Het tanken kost `5/60=1/12` uur.
Een mogelijke formule voor de reistijd is `t=16/v+1/12` .
`15` minuten is `1/4` uur, dus `16/v+1/12 gt 1/4` .

d

Teken een grafiek van `t=16/v+1/12` .
Los vervolgens op: `16/v+1/12 = 1/4` .
Dit geeft `v = 96` km/uur, dus (zie grafiek) je moet minder dan `96` km/uur rijden gemiddeld.

Opgave 1
a

`29` minuten.

b

`53` minuten.

c
d

Je reistijd wordt dan heel erg groot. De grafiek gaat dus in de buurt van de verticale `t` -as heel sterk omhoog.

e

Je reistijd benadert dan de `5` minuten.
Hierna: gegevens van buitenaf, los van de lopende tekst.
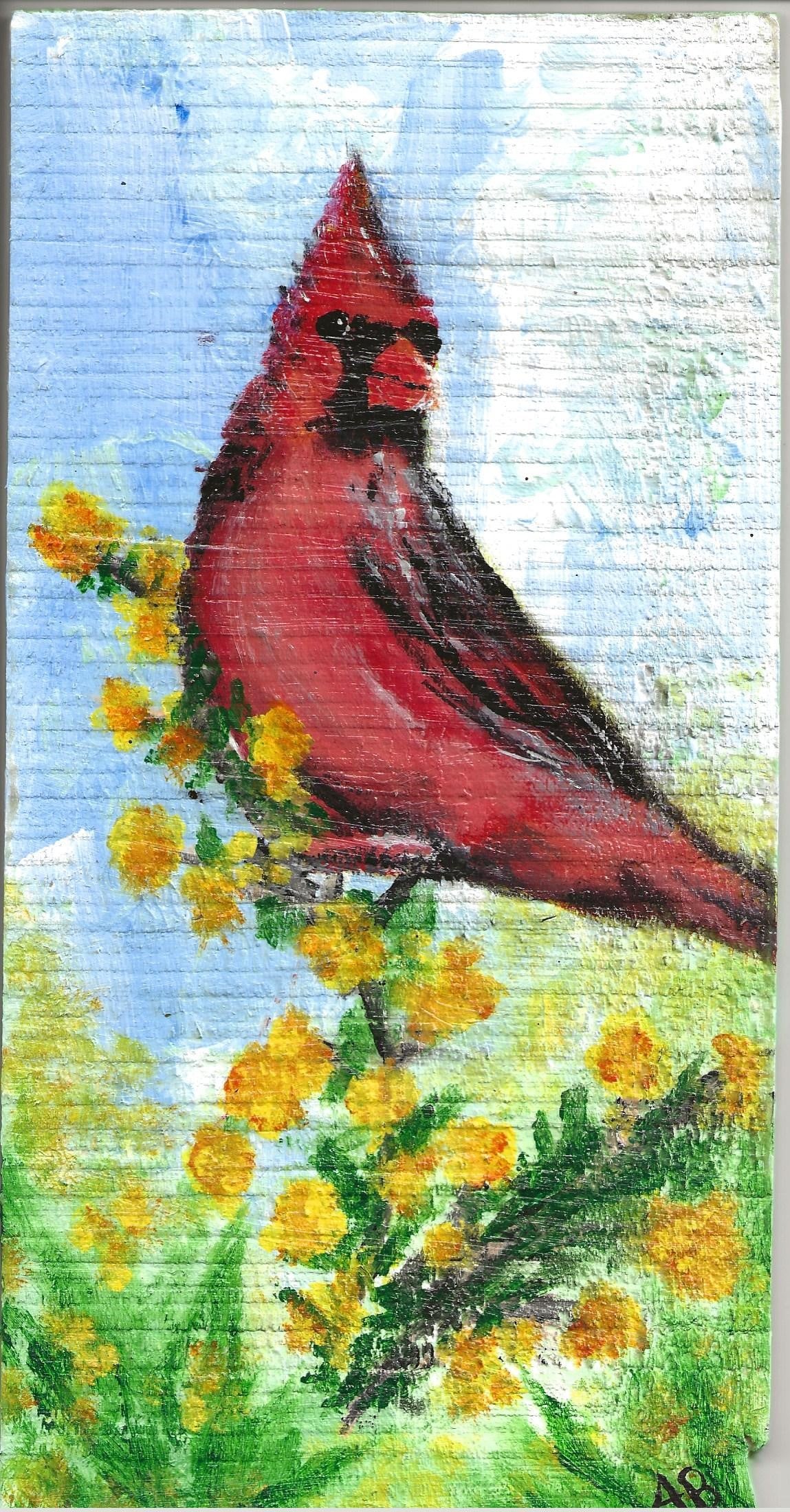 Bring the beauty of spring indoors with the original Spring Cardinal painting. These beautiful birds flood my yard and never fully leave, even when it's cold. Once Spring comes, they're everywhere! I just love painting them.

De grafiek gaat dus voor grote waarden van `v` vlak boven de horizontale lijn `v=5` lopen.

Opgave 2
a

Met de balansmethode:

`1920/v + 5` `=` `60`

beide zijden `- 5`

`1920/v` `=` `55`

beide zijden `xx v`

`1920` `=` `55v`

beide zijden `// 55` en omwisselen

`v` `=` `1920/55`
b

`v lt 1920/55` km/uur.

c

`v lt 1920/55 = 34,9090...` km/uur en dus is `v le 34,9` km/uur.

Opgave 3
a

`2/x + 3 = 7` geeft `2/x = 4` en dus `x = 0,5` .
Uit de grafiek lees je af: `x gt 0,5` .

b

`2/x + 3 = 15` geeft `2/x = 12` en dus `x = 1/6` .
Uit de grafiek lees je af: `x ge 1/6` .

c

`1/x = x` geeft `x^2 = 1` en dus `x = 1` (omdat `x gt 0` ).
Uit de grafiek lees je af: `x gt 1` .

Opgave 4
a

Maak een grafiek bij deze tabel. Laat de `k` -as lopen van `0` tot en met `0,20` .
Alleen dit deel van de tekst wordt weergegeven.